Derek Tabb, the drummer for the 2012 Grammy-Winning Rebirth Brass Band, had an idea: to create an after school music program for these children: The Roots of Music Marching Band. In addition to learning about music, the youth involved in the program are provided with after school tutoring to ensure that they are not only able to excel as musicians, but also as students. And the best part of the program: it’s free and targets children from disadvantaged local families.
Music education is not a topic that generally is discussed as economic development. Yet, there are programs throughout the Americas that provide it to at risk youth. Is music a tool that we can use to support development effectively?
About 2,000 miles southeast of New Orleans, another music education program, the El Sistema program or the Venezuelan Youth Orchestra, has been thriving for nearly four decades. The program offers classic music training to youth and, although universal in nature, the majority of participants come from the poorest segments of society.
Due to its perceived effectiveness as alternative to violence and drugs, the program has grown from a small program with a modest budget to a worldwide model. A study has revealed that participants in the program have improved educational outcomes and employability.
The Sinfonía por el Perú (Symphony for Peru) program, based on Venezuela’s El Sistema, is similar to the Roots of Music Program in many aspects; it was founded by a renowned musician (Juan Diego Flórez) and provides musical education for at-risk youth. The Sinfonía is designed to promote these children and help them develop skills that go beyond music.

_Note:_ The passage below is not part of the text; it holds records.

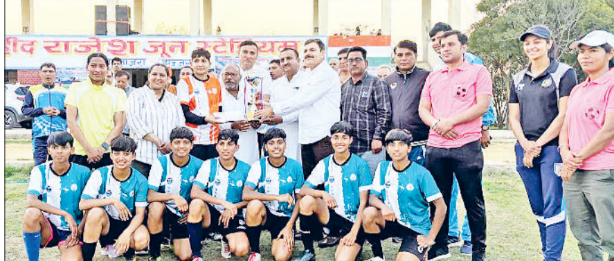
बहादुरगढ़। विजेता टीम को ट्रॉफी देते अतिथि व आयोजक।

गांव नूना माजरा में आयोजित दो दिवसीय पहली ओपन महिला फुटबॉल प्रतियोगिता रविवार को संपन्न हो गई। शानदार प्रदर्शन करते हुए फाइनल में कैथल को हराकर मंगाली हिसार ने खिताब अपने नाम किया। विजेता और उपविजेता टीम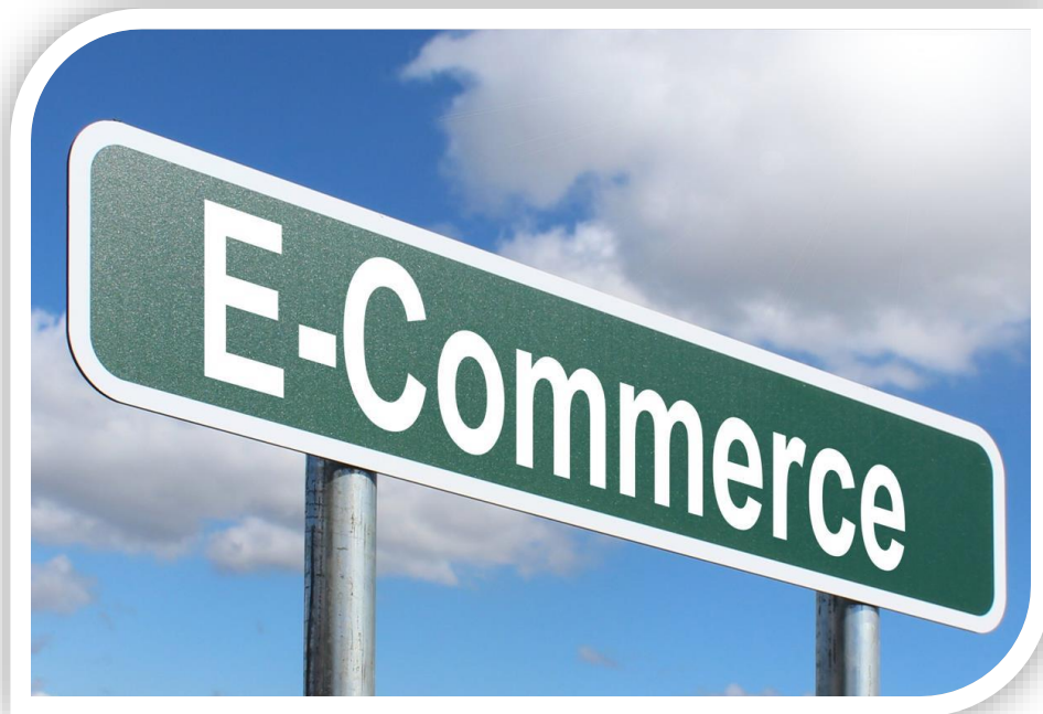
Afbeelding 1: E-commerce, handelen via het internet

Een jubileum gaat vaak hand in hand met een terugblik. Vandaar dit overzicht van de e-commerce geschiedenis in tien mijlpalen. Je zal er uiteraard diverse oude bekenden in herkennen, maar ook een paar nieuwe spelers die ons een prachtig uitzicht bieden op een florissante en conversiegevolle toekomst.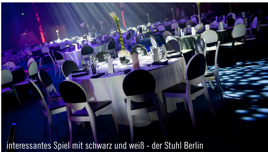
interessantes Spiel mit schwarz und weiß - der Stuhl Berlin

Lösungen seitens Party Rent und fasste abschließend zusammen: „Es war uns eine Freude, einen Event zu entwickeln, in dem für den Pariser Markt eher untypische Möblierung zum Einsatz kam. Dank der richtigen Partnerwahl war nicht nur unser Team zufrieden, auch die 650 geladenen Gäste waren beeindruckt und erlebten in gemütlicher Atmosphäre eine rundum gelungene Veranstaltung.“ Im gleichen Zuge bedankt sich das gesamte Pariser Party Rent Team bei der CMP für das entgegengebrachte Vertrauen und die einwandfreie Zusammenarbeit.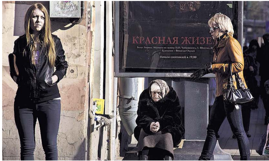
НА ФОТО: ЛИШЬ 5% РОССИЯН ОТМЕТИЛИ УЛУЧШЕНИЕ СВОЕГО ЭКОНОМИЧЕСКОГО СОСТОЯНИЯ

Надо отметить, что такие опросы проводились «Левада-Центром» не первый год, их ретроспектива позволяет определить некоторые закономерности. Так, 40% респондентов отметили ухудшение работы учреждений здравоохранения — больниц, поликлиник — в 2016 году, и только 9% заметили какие-то улучшения. Для сравнения, один из первых опросов по данной теме проводился еще в 1988 году, когда существовал Советский Союз, и тогда вариант «стало хуже» выбрали всего 18%. Интересно, что 12% советских граждан отметили улучшение работы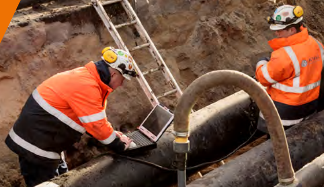
Werkzaamheden van Nuon Warmte

De Amstelveenlijn wordt vernieuwd. Met deze nieuwsbrief informeren wij u graag over actuele ontwikkelingen en nieuwe artikelen en interviews op onze website.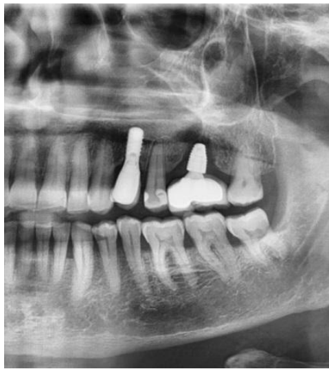
Slika 10. RTG prikaz implantata s koštanim gubitkom u obliku kratera u području 26.

Ukoliko je PPD > 5 mm potrebno je napraviti RTG sliku. Ako je BOP pozitivan i nema kratera (koštani gubitak oko implantata), provodi se postupak pod točkom A. Ako je BOP pozitivan i krater < 2 mm provodi se postupak pod točkom C ili D, a ako je BOP pozitivan i krater > 2 mm provodi se postupak pod točkom D (52).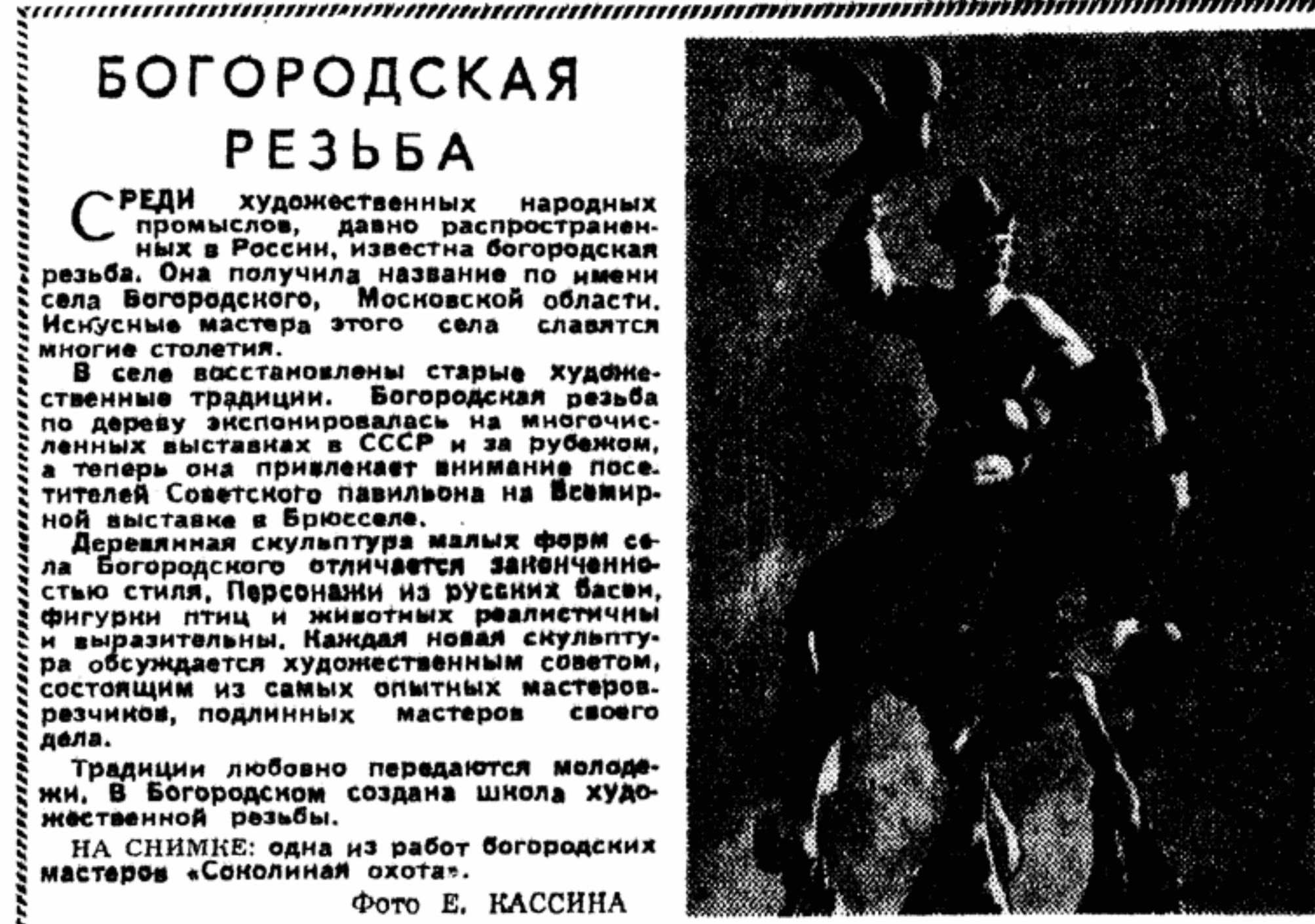
БОГОРОДСКАЯ РЕЗЬБА. Деревянная скульптура малых форм села Богородского отличается завершенностью стиля. Персонажи из русских басен, фигурки птиц и животных реалистичны и выразительны. Каждый новый скульптурный образ обсуждается художественным советом, состоящим из самых опытных мастеров-резчиков, подлинных мастеров своего дела. Традиции любовно передаются молодежи. В Богородском создана школа художественной резьбы. НА СНИМКЕ: одна из работ богородских мастеров «Соколиная охота».

Книгу, которую он читать не хочет. Или не может, потому что ему некогда. И не нужно заставлять. Могу сказать, будто я проповедую какую-то анархию. Это не так. Есть книги, есть вопросы, которые обязательно надо обсуждать. Но для маленькой писательской организации это всегда такие книги, всегда такие вопросы, которые не замыкаются в жаровые рамки. Разве мне, прозаику, не важно уяснить, почему отстают туркменская драматургия? Разве, обсуждая итоги литературного года, например, в поэзии, надо делать так, чтобы поэты в своей секции занимались этим отдаленно, а критики в своей секции, у себя, отдаленно? Разве вопросы воспитания молодых касаются только секции молодых? Ведь наиболее полезные советы писателя могут дать седые писатели — у них и успехов было в жизни побольше, и уж наверняка больше ошибок.

Finding programs that at risk youth want to participate in
The benefits of participating in Sinfonía por el Perú cannot be understated. Not only do youth involved learn to play an instrument and be a member of a premier band, an IDB-financed impact evaluation revealed that youth who participated in the Sinfonía had significantly higher rates of self-esteem than their peers, more interest in their school work and teacher reported improvement in behavior.
While these changes may not come as a shock, there was also a 29% decrease in expressions of physical and verbal violence among children compared to the control group and a 19% increase in the likelihood that Sinfonía por el Perú participants would follow through with a task to completion. These improvements in behaviors and attitudes have the potential to drastically improve future outcomes of these youth.
While music education programs differ from what we traditionally think of as development projects, the impact on children and their communities is compelling evidence of their importance.
It can be difficult to engage youth in traditional development programs due to the lack of interest. By finding programs that at risk youth want to participate in and find interesting, the development community can take an integral step towards integrating them into the larger development process.
Are there any other initiatives in your country that may be interesting for youth and spur more inclusive development outcomes?